• **Exercise brief**
In the entries below, begin at the line that has "さわやか室蘭弐番館 2階 14日午後の様子♪", stop after the line that has "(born on February", and output those lines exactly with no pictures.

• **Raw data**
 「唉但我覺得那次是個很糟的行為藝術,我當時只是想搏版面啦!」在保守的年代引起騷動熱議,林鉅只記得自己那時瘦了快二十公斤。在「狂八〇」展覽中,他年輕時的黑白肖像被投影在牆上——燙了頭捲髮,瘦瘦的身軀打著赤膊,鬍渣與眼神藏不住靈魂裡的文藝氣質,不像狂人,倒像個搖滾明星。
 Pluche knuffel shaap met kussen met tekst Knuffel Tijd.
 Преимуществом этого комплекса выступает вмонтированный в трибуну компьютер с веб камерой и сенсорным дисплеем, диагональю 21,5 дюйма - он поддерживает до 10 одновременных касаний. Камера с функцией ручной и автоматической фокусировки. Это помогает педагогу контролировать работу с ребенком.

...

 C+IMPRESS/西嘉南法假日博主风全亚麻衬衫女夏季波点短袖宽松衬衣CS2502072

* * *

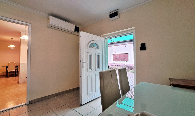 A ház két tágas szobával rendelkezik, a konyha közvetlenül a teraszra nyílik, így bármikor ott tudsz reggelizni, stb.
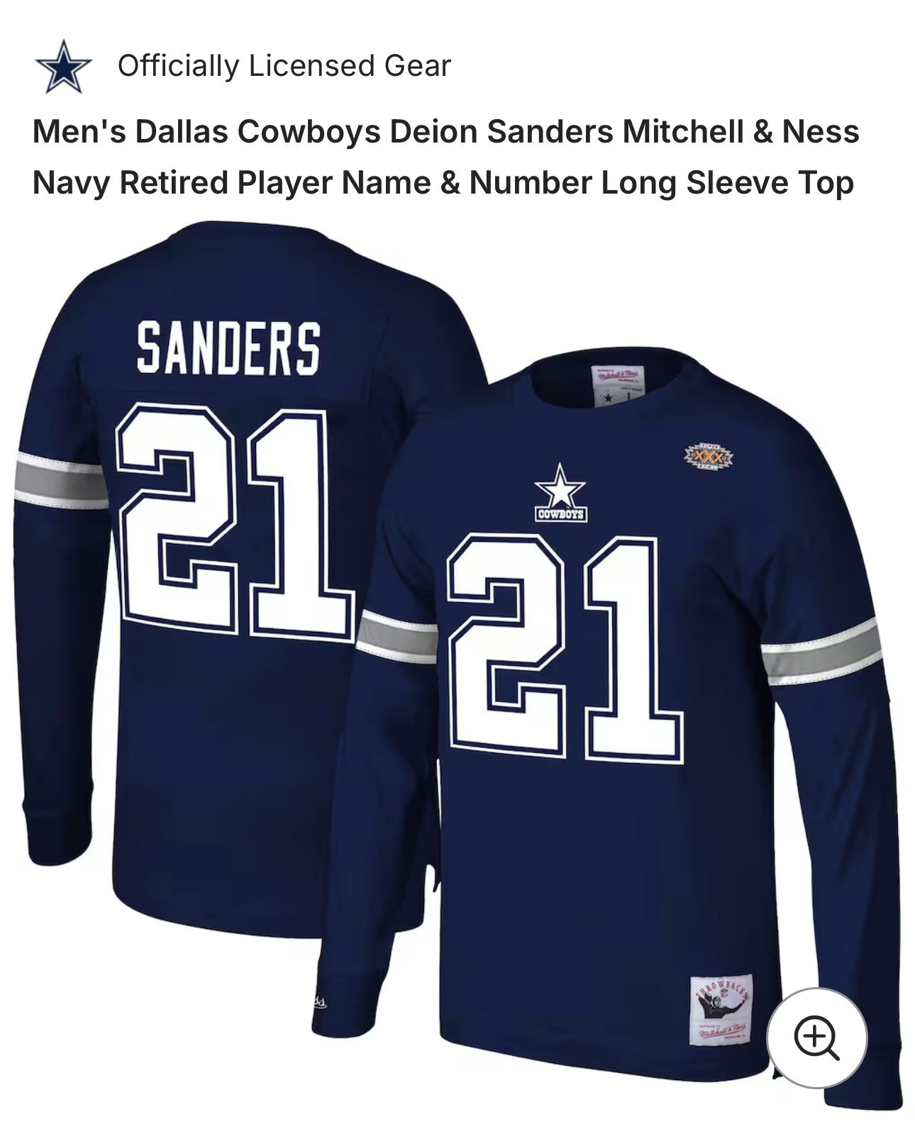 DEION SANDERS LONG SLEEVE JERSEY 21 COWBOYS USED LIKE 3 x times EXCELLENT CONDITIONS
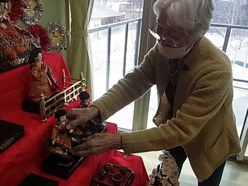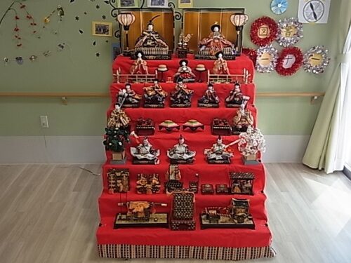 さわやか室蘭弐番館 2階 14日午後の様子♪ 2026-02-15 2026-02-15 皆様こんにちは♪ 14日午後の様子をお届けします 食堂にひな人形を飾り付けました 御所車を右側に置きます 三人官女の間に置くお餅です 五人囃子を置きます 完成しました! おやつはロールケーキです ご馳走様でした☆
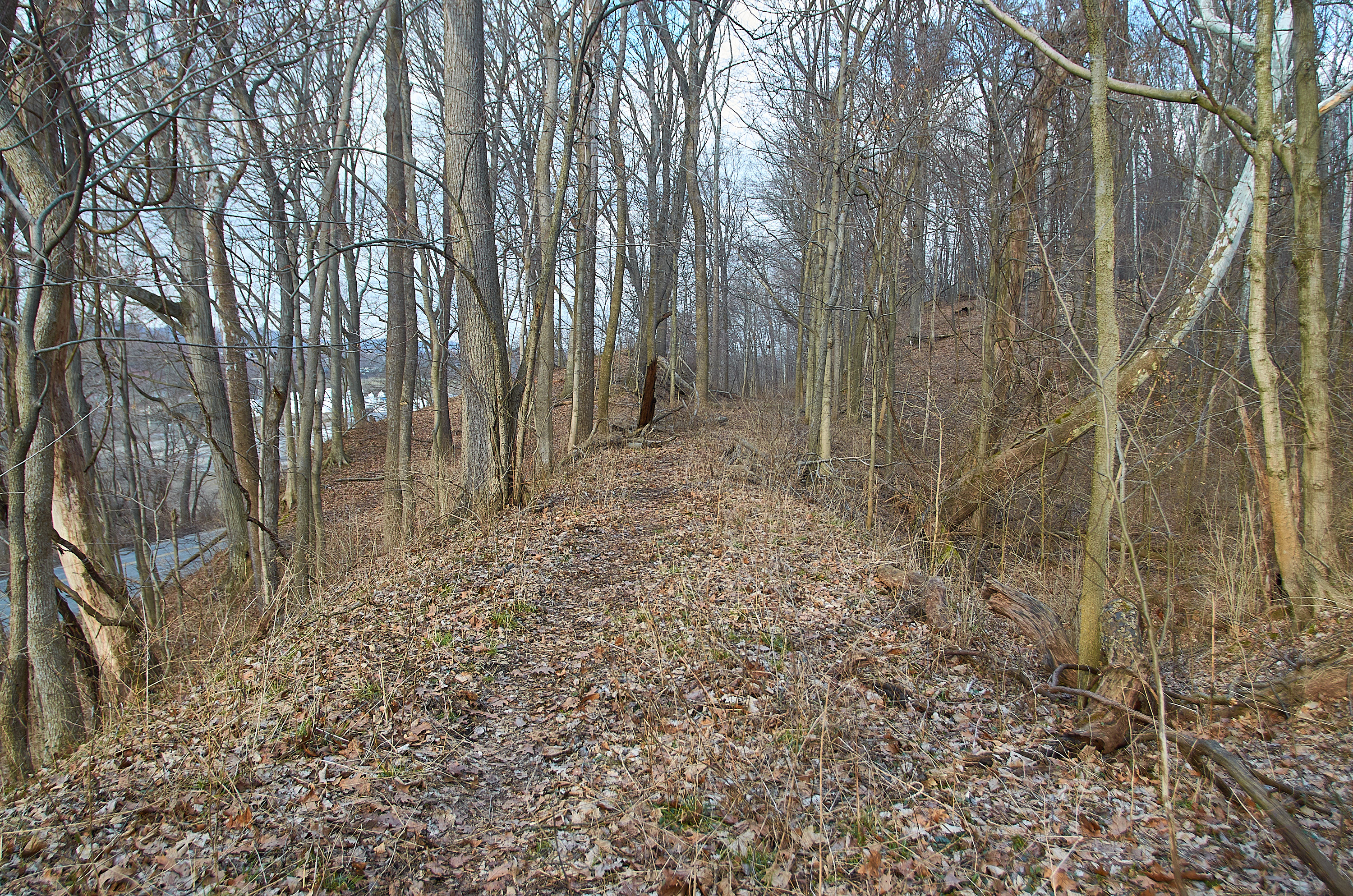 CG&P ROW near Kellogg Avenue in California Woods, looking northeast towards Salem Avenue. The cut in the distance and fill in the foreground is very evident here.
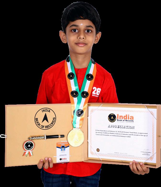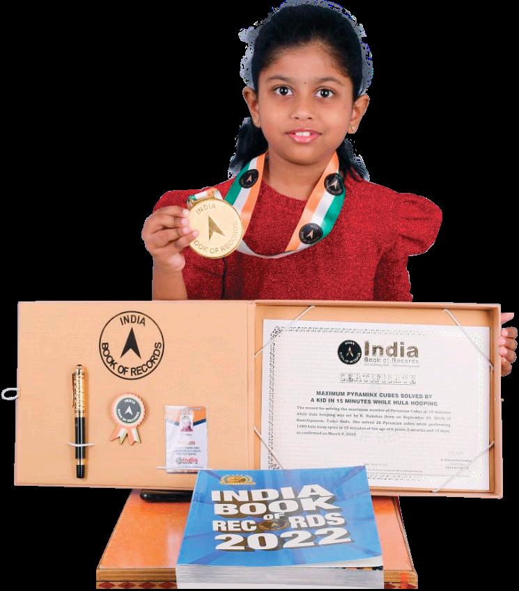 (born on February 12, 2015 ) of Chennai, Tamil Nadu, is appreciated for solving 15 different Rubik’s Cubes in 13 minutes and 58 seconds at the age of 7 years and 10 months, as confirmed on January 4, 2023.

• **Answer to this exercise**
 さわやか室蘭弐番館 2階 14日午後の様子♪ 2026-02-15 2026-02-15 皆様こんにちは♪ 14日午後の様子をお届けします 食堂にひな人形を飾り付けました 御所車を右側に置きます 三人官女の間に置くお餅です 五人囃子を置きます 完成しました! おやつはロールケーキです ご馳走様でした☆
 CG&P ROW near Kellogg Avenue in California Woods, looking northeast towards Salem Avenue. The cut in the distance and fill in the foreground is very evident here.
 (born on February 12, 2015 ) of Chennai, Tamil Nadu, is appreciated for solving 15 different Rubik’s Cubes in 13 minutes and 58 seconds at the age of 7 years and 10 months, as confirmed on January 4, 2023.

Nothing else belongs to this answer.